Exercise: Without changing a word, return the listing below, minus its images.

Data:
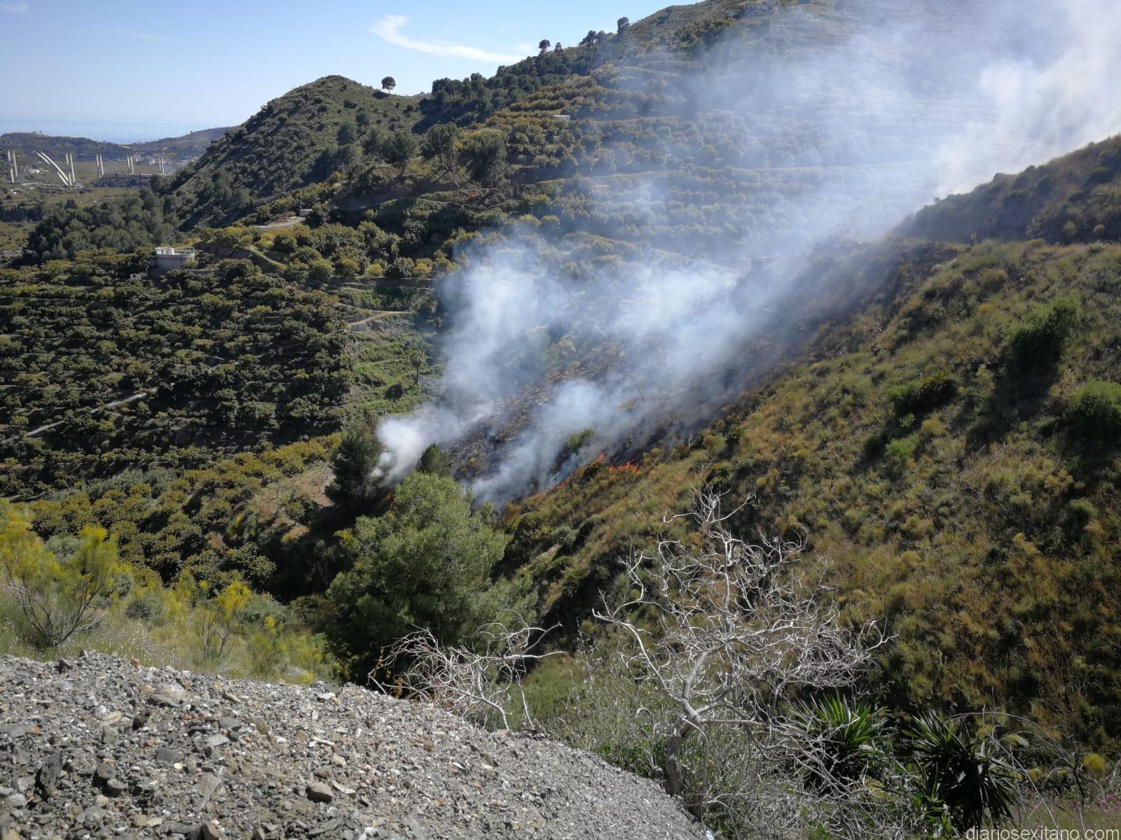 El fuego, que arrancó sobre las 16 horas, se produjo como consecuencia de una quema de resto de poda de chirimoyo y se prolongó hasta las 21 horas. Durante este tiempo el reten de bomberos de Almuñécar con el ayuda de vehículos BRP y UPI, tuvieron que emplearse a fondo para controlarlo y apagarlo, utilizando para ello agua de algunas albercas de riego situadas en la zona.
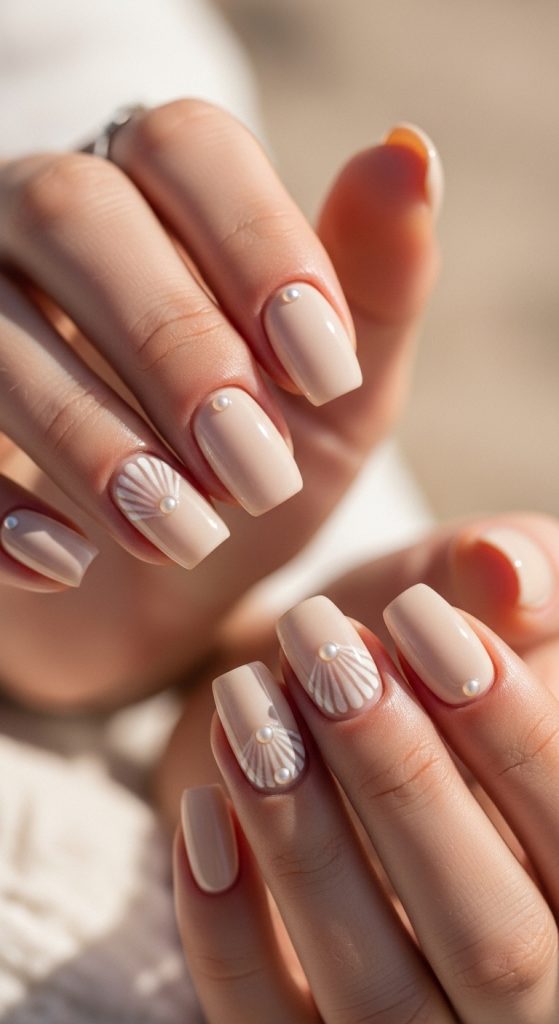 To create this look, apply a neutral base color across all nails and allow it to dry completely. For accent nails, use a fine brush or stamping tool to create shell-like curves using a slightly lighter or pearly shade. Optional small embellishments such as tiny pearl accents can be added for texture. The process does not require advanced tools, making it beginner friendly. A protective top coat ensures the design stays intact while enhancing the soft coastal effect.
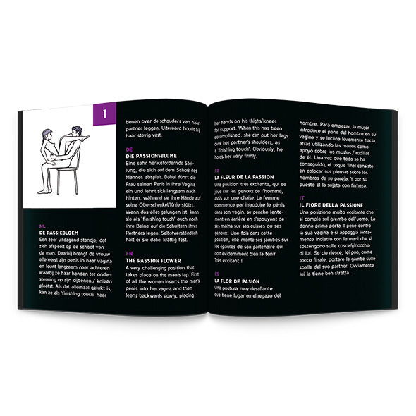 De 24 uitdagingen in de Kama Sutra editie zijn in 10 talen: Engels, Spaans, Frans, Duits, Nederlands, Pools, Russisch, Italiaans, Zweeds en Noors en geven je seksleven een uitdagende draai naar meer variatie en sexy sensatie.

Output of the task:
 El fuego, que arrancó sobre las 16 horas, se produjo como consecuencia de una quema de resto de poda de chirimoyo y se prolongó hasta las 21 horas. Durante este tiempo el reten de bomberos de Almuñécar con el ayuda de vehículos BRP y UPI, tuvieron que emplearse a fondo para controlarlo y apagarlo, utilizando para ello agua de algunas albercas de riego situadas en la zona.
 To create this look, apply a neutral base color across all nails and allow it to dry completely. For accent nails, use a fine brush or stamping tool to create shell-like curves using a slightly lighter or pearly shade. Optional small embellishments such as tiny pearl accents can be added for texture. The process does not require advanced tools, making it beginner friendly. A protective top coat ensures the design stays intact while enhancing the soft coastal effect.
 De 24 uitdagingen in de Kama Sutra editie zijn in 10 talen: Engels, Spaans, Frans, Duits, Nederlands, Pools, Russisch, Italiaans, Zweeds en Noors en geven je seksleven een uitdagende draai naar meer variatie en sexy sensatie.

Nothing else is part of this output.